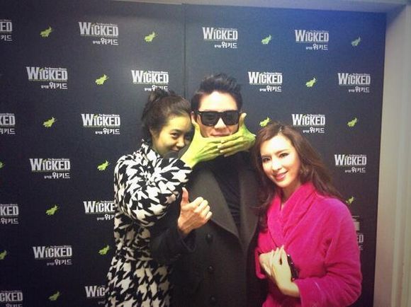 김준수는 지난 8일 오후 자신의 트위터를 통해 "최고의 두 여배우와 함께한 ‘위키드’. 내 귀가 참 즐거웠다. 두 배우와 대기실에 10분 정도 같이 있었을 뿐인데 두 배우 에너지에 정신이 혼미했다. 자내가 에메랄드 시티에 갔으니 이제 두 분이 지욱이네 하숙집에 올 차례다"라는 글과 함께 사진한 장을 게재했다.
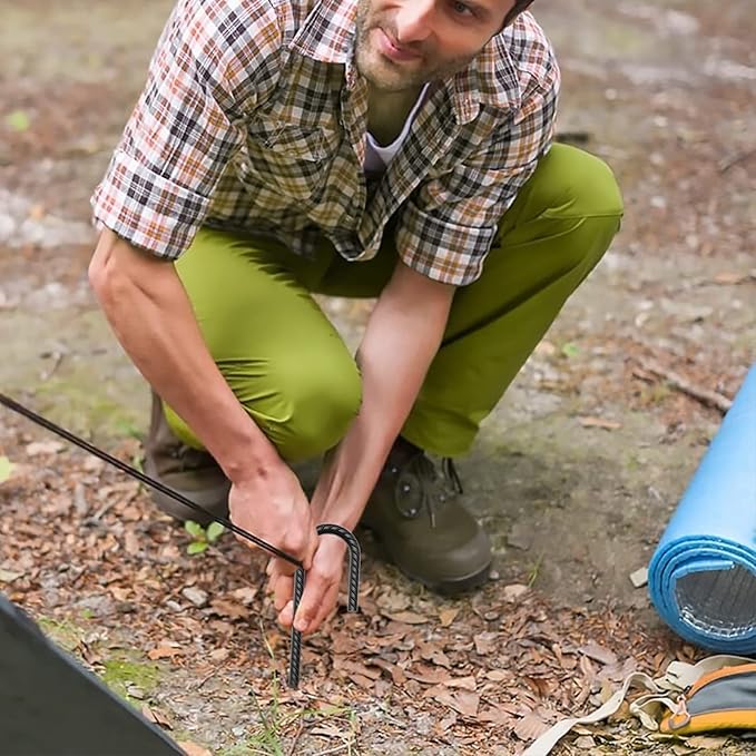 • PACKAGE INCLUDED - Set of 10 Steel rebar ground anchor stakes. Each J Hook stake is approximately 24" long; 0.47" (12mm)diameter;And hook is 5.12" (13cm) in length 2.48" (6.3cm) in diameter.The stakes has an extra-long length and a thickness that benefits, which means it can be inserted deeper and fixed more firmly.
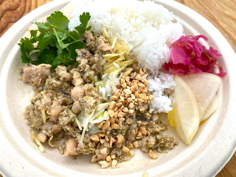 エスニック料理が好きな筆者は、この日もまずはドライグリーンカレーを。とはいえ、フェス飯は「いい匂いがしたほうへ」つい吸い寄せられるもの。気がつけば麻婆豆腐丼やピザにも手を伸ばしていました。お腹に余裕があれば、ラーメンにも辿りつきたかったです。
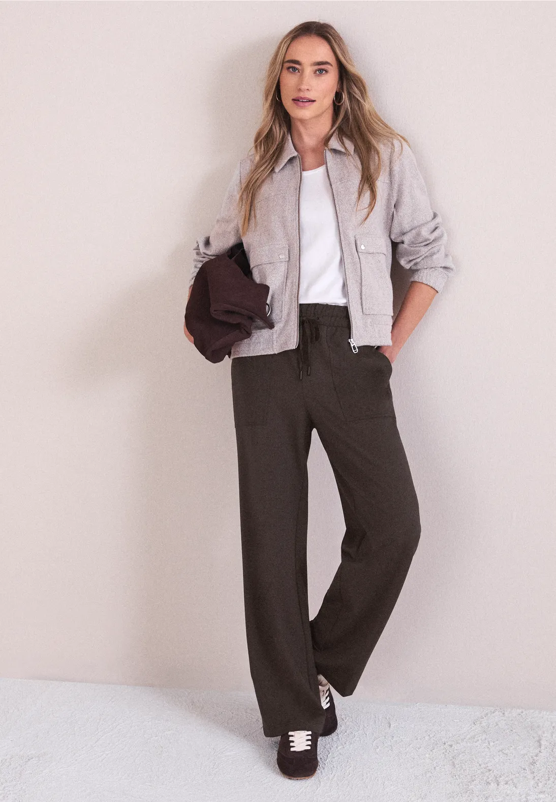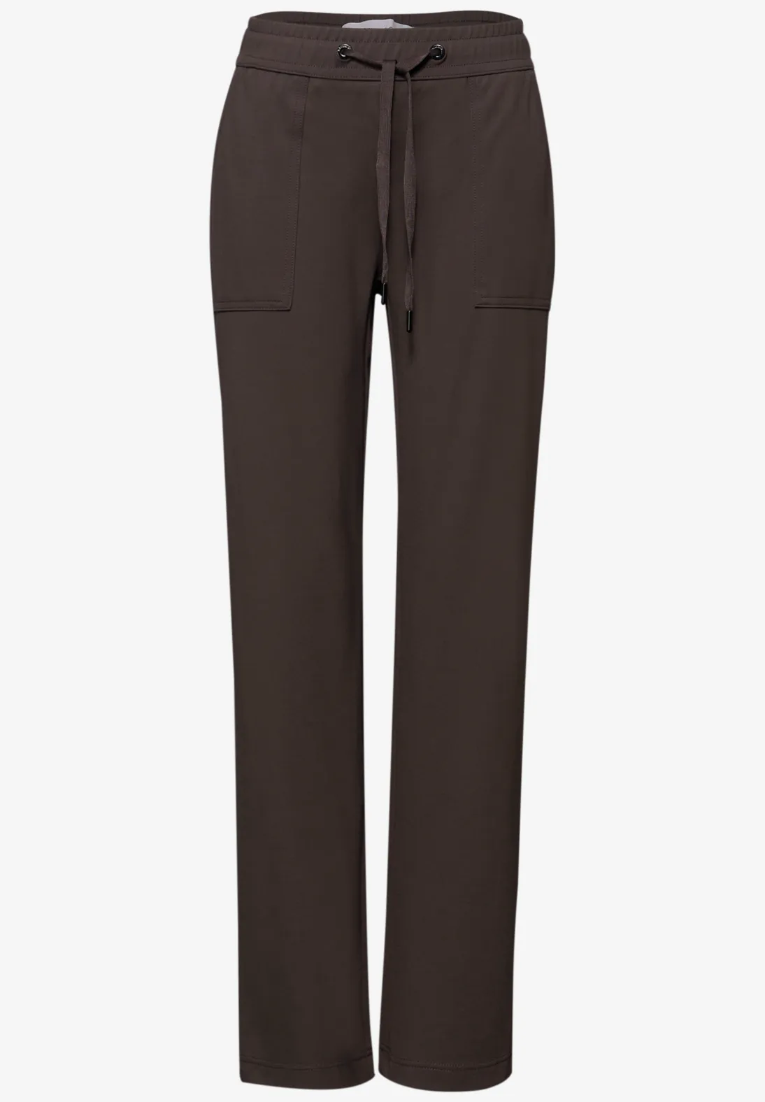 Ce pantalon Punto di Roma de Street One pour femmes est un classique élégant avec une taille haute et des jambes droites. La taille élastique avec cordon de serrage assure un ajustement confortable, tandis que le mélange de viscose avec une part de stretch offre un port doux et confortable. En couleur unie et avec des poches latérales, il devient un allrounder pratique au quotidien.

> **What the exercise asks**
Please return only the lines running from the line with "エスニック料理が好きな筆者は" to the final line of the data, both included, exactly and without any pictures.

> **Exercise result**
 エスニック料理が好きな筆者は、この日もまずはドライグリーンカレーを。とはいえ、フェス飯は「いい匂いがしたほうへ」つい吸い寄せられるもの。気がつけば麻婆豆腐丼やピザにも手を伸ばしていました。お腹に余裕があれば、ラーメンにも辿りつきたかったです。
 Ce pantalon Punto di Roma de Street One pour femmes est un classique élégant avec une taille haute et des jambes droites. La taille élastique avec cordon de serrage assure un ajustement confortable, tandis que le mélange de viscose avec une part de stretch offre un port doux et confortable. En couleur unie et avec des poches latérales, il devient un allrounder pratique au quotidien.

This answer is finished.